— Я могу тебя удивить.
— Сомневаюсь, милый, — торможу. Хотела назвать его так, чтобы подчеркнуть разницу в возрасте, но язык упирается в зубы и замирает, заставляя смаковать новое для меня слово. Ведь Никита и правда «милый». И мне действительно хочется его так называть.
— Да, милая, — нахал улыбается, будто раскусил мой тупой план. А я дрожу, потому что его ответная «милая» выбивает из под ног опору. Я даже не помню, о чем хотела сказать и потому тупо мямлю.
— Я… объездила все страны… и была в… так что вряд ли… вряд ли ты сможешь меня удивить.
Говорю и не свожу взгляда с его губ. Таких пухлых, что, кажется, если укусить, брызнет сок. Я напрягаюсь, жду поцелуя, почти мечтаю о нем, как вдруг Никита отстраняется и встает.
— Куда? — Не понимающе шепчу.
— Собирать вещи, ты была очень убедительна, Римма, меня проняло.
Когда он уходит, я чувствую себя глупо. Идиотка великовозрастная! Все думала, как бы не расстроить молодого мальчика, а теперь осталась одна и… грустишь?! По нему, что ли?! Да нет, бред какой-то!
Пока на кухне тихо, доедаю завтрак и даже успеваю помыть посуду. Никиты все нет. Жду еще немного, но из спальни не доносится ни звука, а потому, не выдержав, иду за Савранским. Может, он заснул? Или… плачет?!
Толкаю дверь и...
— О Боже.
Прямо передо мной стоит двухметровый лось, по-прежнему голый, если не считать моих красных колготок. Тех самых, из авангардного прошлого. Чтобы хоть как-то их натянуть, Никите пришлось сделать надрезы по низу и теперь он шевелит растопыренными пальцами, торчащими из капроновых дырок. Туда-сюда. Сюда-туда.
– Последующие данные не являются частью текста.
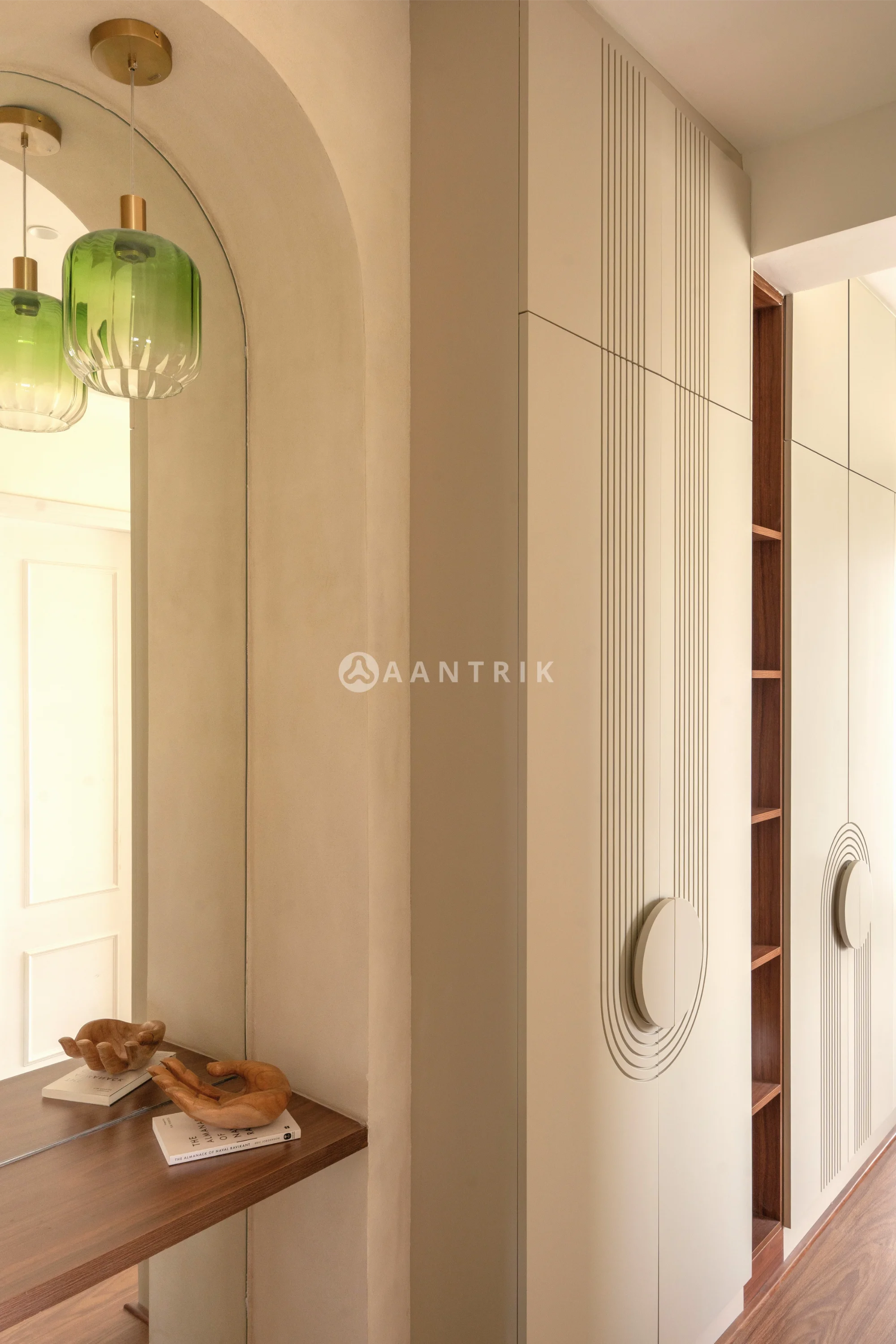 The Blue Door is a refined expression of modern Indian living — where soft curves, muted neutrals, and deep blues come together to create a home that feels both grounded and elegant. Designed by Aantrik Interiors , this residence celebrates balance — between warmth and sophistication, modernity and nostalgia.

— Удивлена? — Он вскидывает на меня совершенно шальной в своем безумстве взгляд.
— Никит, ты в себе?
— Лучше бы конечно в тебе, но нельзя!
Облокачиваюсь о дверной косяк, кажется, тут нужна опора, иначе упаду. И вовремя, потому что в следующую секунду краснопопый лось поворачивается ко мне боком, и, сделав стойку как у боди билдеров, начинает играть мышцами. В такой позе я вижу все, даже то, что он не надел трусы под мои колготки.
— А теперь удивлена?
Фыркаю. Скрещиваю руки на груди и качаю головой. Мальчик, я была в голландском порнографическом театре, что мне твой натюрморт с яйцами в мелкую сеточку?
— Что ж. К этому я был готов. Алиса, музыку, — орет этот дурень и колонка отвечает на всю свою мощь Лебединым Озером. Господи, как хорошо, что Чайковский уже умер и не видит эту роскошь. Потому что «роскошь» сложила руки лодочкой, скрестила ноги иксиком и принялась очень натурально играть умирающего лебедя у меня в спальне, выписывая круги вокруг сброшенных в кучу вещей.
— А теперь удивлена?
— Я бы даже сказала в ахуе, — честно признаюсь Савранскому. Такого шоу даже в голландском театре не показывают.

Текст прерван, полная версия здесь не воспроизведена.